Nyaman tanpa iklan. Langganan BisnisPro

Kedoya Adyaraya (RSGK) Buka Suara soal Impor Alkes AS Usai Perjanjian Dagang

PT Kedoya Adyaraya Tbk. (RSGK) menyatakan kehadiran alat kesehatan asal AS pasca perjanjian dagang Indonesia–AS belum tentu berdampak pada kinerja perseroan.
RS EMC Grha Kedoya./emc.id
RS EMC Grha Kedoya./emc.id

Bisnis.com, JAKARTA – Emiten pengelola RS Grha Kedoya, PT Kedoya Adyaraya Tbk. (RSGK) menyebut, kehadiran sejumlah alat kesehatan asal Amerika Serikat (AS) selepas perjanjian dagang Indonesia–AS diteken, belum tentu memberikan pengaruh yang signifikan terhadap kinerja perseroan secara langsung.

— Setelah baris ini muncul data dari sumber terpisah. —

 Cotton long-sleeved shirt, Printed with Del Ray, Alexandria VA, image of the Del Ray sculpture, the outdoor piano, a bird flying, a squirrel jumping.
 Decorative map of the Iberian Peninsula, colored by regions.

Pasalnya, Direktur Kedoya Adyaraya Armen Antonius Djan menerangkan, penyediaan alat kesehatan di sejumlah rumah sakit di Indonesia, memiliki distributornya masing-masing.

Pada Grup RSGK misalnya, perseroan telah lama menjalin kerja sama dengan distributor alat kesehatan asal Eropa. Teranyar, RSGK mendatangkan Positron Emission Tomography (PET) Scan dari Jerman senilai Rp200 miliar.

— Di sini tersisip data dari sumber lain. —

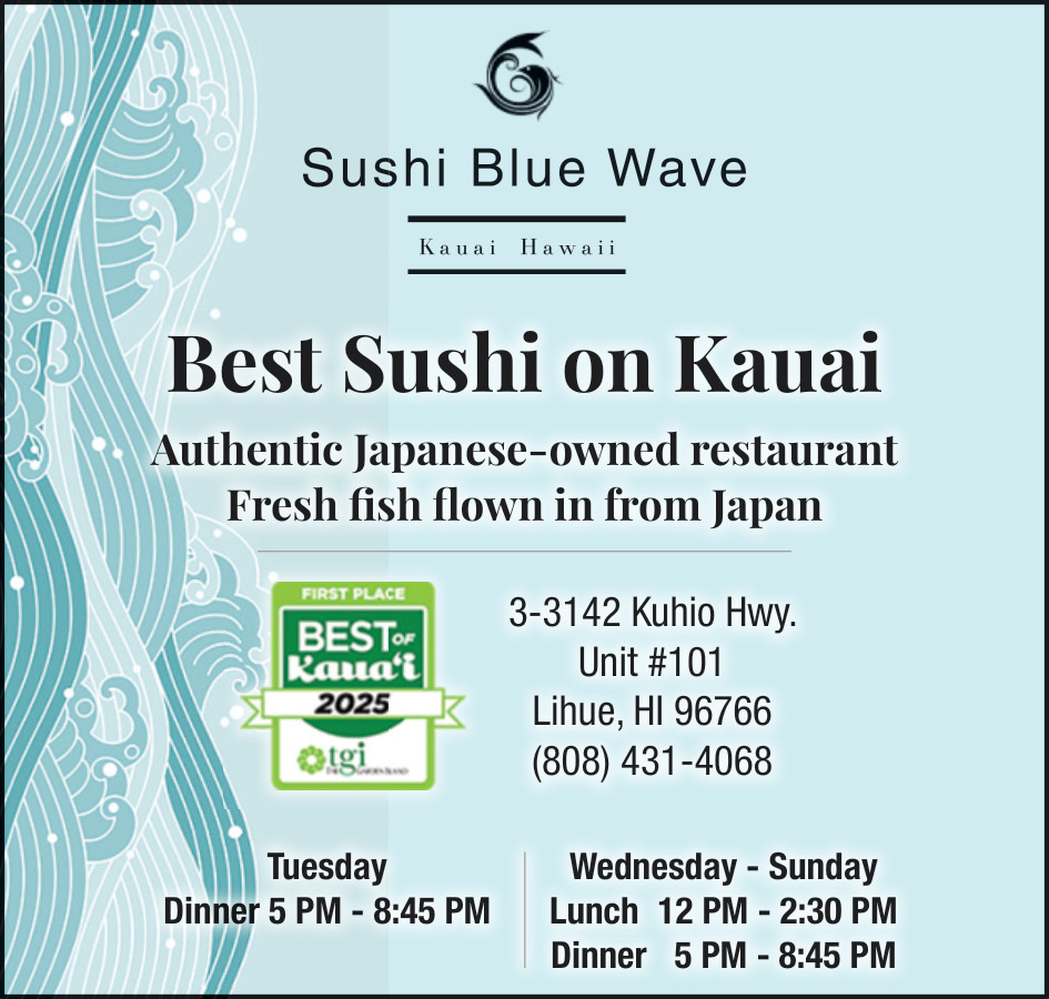 Feb 23, 2026. Sushi Blue Wave Restaurants Ads from The Garden Island

Armen menerangkan, meskipun potensi persaingan harga selepas perjanjian terbuka lebar, tetapi harga bukan satu-satunya faktor penentu keputusan perseroan membeli alat-alat kesehatan asal AS.

Salah satu alasannya, keputusan pembelian alat kesehatan perseroan berada di tangan para dokter. Secara teknis, para dokter RSGK akan menilai kompetensi alat tersebut dan kecocokannya.

Bisa jadi mungkin harga barang-barang Amerika jadi lebih murah, tapi mungkin belum tentu teknologinya, bukan berarti Amerika kalah canggih, tapi bisa jadi mungkin teknologi yang dibutuhkan kita di sini teknologi dari Jerman misalnya,” katanya kepada Bisnis, Kamis (24/7/2025).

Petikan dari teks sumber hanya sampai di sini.